千城覆清亮的視線,一路隨著窈窕的背影遠去,胡和魯催馬靠近,問道:“把她支開,是對我有話說嗎?”
千城覆微微點頭,輕聲對胡和魯問道:“昨天來的路上,我就看到大批牧民遷徙。想來就算靠近南邊,水草比較容易生長,也不會突然涌入這麼多人放牧吧?是不是因爲極北那邊,又發生什麼大的戰役了?”
胡和魯倒是沒想到,千城覆刻意用這種玩笑鬧跑自家媳婦,居然是爲了要問這種外場事!
微微一愣,便是直言回答:“你說得沒錯!這次與柔然國的戰役,五戰四敗!我國連丟三座城池,迫使大量災民向南遷移!而你看到的,應該是其中一部分。”
千城覆思忖一下,轉頭認真的說道:“謝謝你今日的招待,明天我會帶著我娘子離開!咱們有緣,日後再見!”
胡和魯爽快一笑,抱拳回敬之時,突然對他說道:“你家娘子確實很逗,很可愛!難怪你看得這樣緊!若不是知道你們漢人的夫妻制度,只怕我願意用十個美女奴隸,換取你家娘子了!不過你們中原有一句話,叫做君子不奪人所好!所以,我也只能勉爲其難,放你們離開了!”

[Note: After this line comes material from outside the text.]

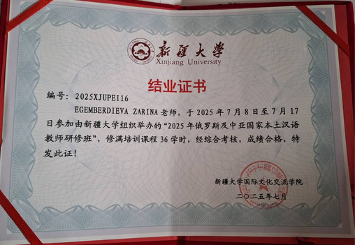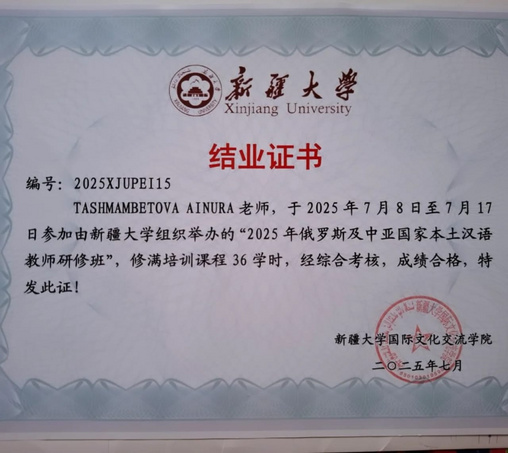 Faculty members of the Artistic Design Department, senior lecturer Zarina Davletovna Egemberdieva and teacher Ainura Bolotbekovna Tashmambetova from KSTU named after I. Razzakov, completed a 10-day advanced training course in Chinese language proficiency at Xinjiang University, China, Urumqi, from July 7 to July 18, 2025.To strengthen academic mobility and develop joint art projects with this university and a university located further away from Xinjiang University, the faculty presented the creative activities and interests of the KhPI department and exchanged gifts and contacts.Collaboration between universities will facilitate the exchange of experience and knowledge in the field of education, enhance the potential of research activities at universities, and improve the quality of education for students in the department. The delegation included 12 faculty members from BSU and two faculty members from the KhPI department

明明知道胡和魯說的是玩笑話,這會兒千城覆也難免面黑!
漢族人的傳統,就連錢都可以和脾氣相投之人分享,唯獨這妻子嘛!卻是絕對不允許別人動念頭的。
更何況,千城覆將莊千落看得比生命還重要,哪裡經得起這樣的玩笑?
胡和魯見他還是有些認真了,無奈的一笑,就差舉手發誓已證真心了!
千城覆卻突然釋然一笑,然後躍馬揚鞭就去追莊千落。
胡和魯無奈的動了動脣角,將所有準備出口的話,又都咽回到肚子裡去了!
一直到夕陽西下,胡和魯才帶著他們往回走,這一路上看到幾夥兒牧民,幾千頭牛羊過境猶如蝗蟲成災一般。

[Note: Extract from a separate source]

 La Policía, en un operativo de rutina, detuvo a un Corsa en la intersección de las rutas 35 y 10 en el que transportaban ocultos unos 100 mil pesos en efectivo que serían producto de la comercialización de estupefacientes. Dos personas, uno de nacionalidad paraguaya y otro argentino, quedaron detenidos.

縱使胡和魯什麼都沒說,莊千落卻忍不住蹙了蹙眉頭,跟千城覆小聲嘀咕:“怎麼這麼多人啊?春天本就是青黃不接的時候,這麼多牛羊過去,哪裡還剩的下青草?就更別說本就稀缺的水源了!這樣下去,此地還不變成真正的沙漠啊?”
戈壁大漠,原意本身就和沙漠沒差太多!
身爲現代人見過無數綠洲變沙漠的恐怖場景,也難免莊千落會往最壞的方面去想。
在莊千落看不到的暗處,千城覆的五指慢慢攥成拳頭,暗暗隱下那份早就放手的榮辱和承諾,緩了足足有半分鐘,他纔對她回答:“或許吧!一代新人換舊人,這本就是世間更迭之道,誰都無須多操心!還是說說咱們的事兒吧!我準備,明天早晨就啓程。你不是說想去蜀中,品嚐一下正宗的川天椒嗎?咱們下一個目的地,就是那裡好不好?”
一個將軍對於家國興旺的榮辱,莊千落是不會體會到的。
這會兒她納悶的只是:“這麼快就要走啊?可是我還沒策馬玩夠啊!草原這麼大,最適合四處撒野奔跑,盡情高聲放歌了!”

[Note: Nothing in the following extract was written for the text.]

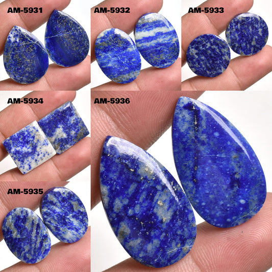 Lapis Lazuli Cabochon Pair - Mixed Shape Loose Stones for Earrings

千城覆這邊還沒回來,剛剛湊上來的胡和魯,倒是十分爽快的大聲說道:“這話說得太對了!莊姑娘,眼看著你就要走了!不如我就教你一首歌,做爲臨別的禮物,怎麼樣?”
莊千落忍不住瞇起慧黠的眸子,看著爽朗的胡和魯,聳聳肩膀回答:“胡和魯,你也太小氣了吧?咱們好歹也做過一天的朋友,這朋友要走了,你不送點真金白銀,還不送點乾糧點心?居然小氣到只教我一首歌?嘖嘖嘖!不符合你這粗獷英俊瀟灑大方的形象啊!”
“哈哈哈!”胡和魯中氣十足豪爽的掐腰大笑,一巴掌又一巴掌的拍在自己大腿上的力道,讓莊千落看著都覺得疼!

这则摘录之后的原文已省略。